Под ее материнскими пальцами гитара произносит последнее слово. Песнь птицы. Трино.
Вопреки уверениям людей Ана Пауча теперь знает, что вспоминать о детстве — это значить призывать жизнь. Или, вернее, вновь призывать. Лихорадка калеки возникает и исчезает в одну ночь, его руки снова обретают легкость рук музыканта, а ноги — силу, чтобы быстро идти по дорогам. В его утреннем приветствии слышится нетерпение.
— Вставай, бабуля! Мы не можем больше питаться сухими фигами. Это хорошо для бедуинов, но не для двух гордых испанцев двадцатого века, каковыми являемся мы! — Как бы в подтверждение его слов конюшню сотрясает гул сверхзвукового самолета. — Я стану петь одну очень грустную песню, самую грустную, какую только знаю. И пока люди будут обливаться слезами от моего прекрасного пения, ты соберешь пожертвования. Согласна?
Она не отвечает. Она повязывает свою седую голову воительницы (или голубки?) еще влажным платком. Солнце хорошо его высушит думает она. И не только платок, мысли тоже. К Северу лучше идти с пустой головой.

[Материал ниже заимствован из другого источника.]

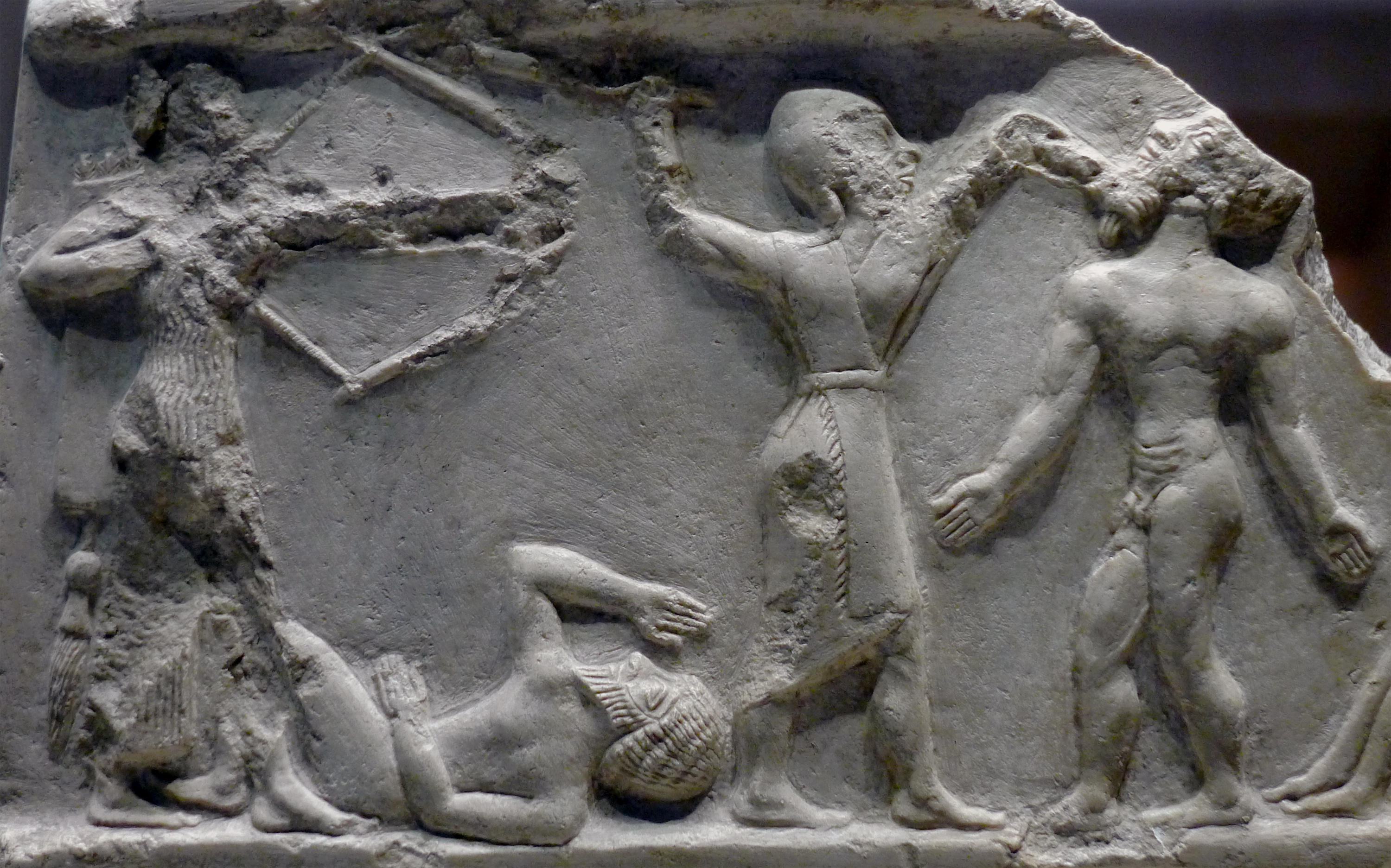 Victory stele (fragment) [1] Circa 2300 - 2250 BC
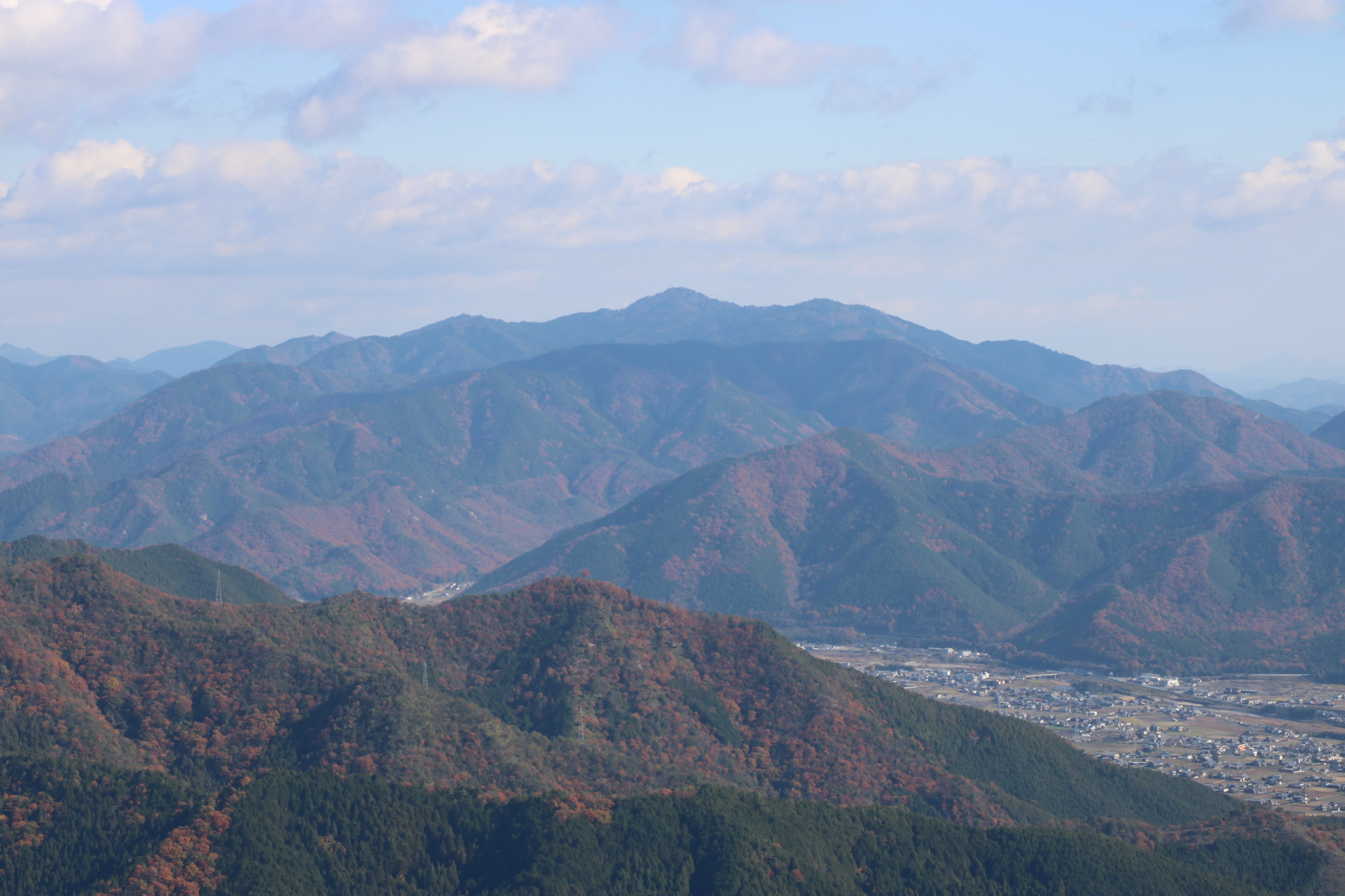 Mount Kasagata seen from the WSW. Taken from Mount Nagusa.

Она берет свой узелок со сдобным, очень сладким хлебцем с миндалем и анисом (пирожное, сказала бы она), не замечая, что он уже почти ничего не весит, что он легок, словно сухая ветка, которую не питают больше соки дерева. Она не хочет думать об этом. Север вдруг представляется ей очень далеким, будто он находится в конце дороги, этапы которой по чьей-то воле умножаются. И сын, кажется ей, тоже уходит в самый глубокий, самый темный закоулок ее памяти. Может, этот чудной слепец, этот поэт — поджигатель церквей и есть ее малыш, ее настоящий малыш, которого она спасла от лихорадки своими материнскими руками? Вновь обретенными материнскими руками.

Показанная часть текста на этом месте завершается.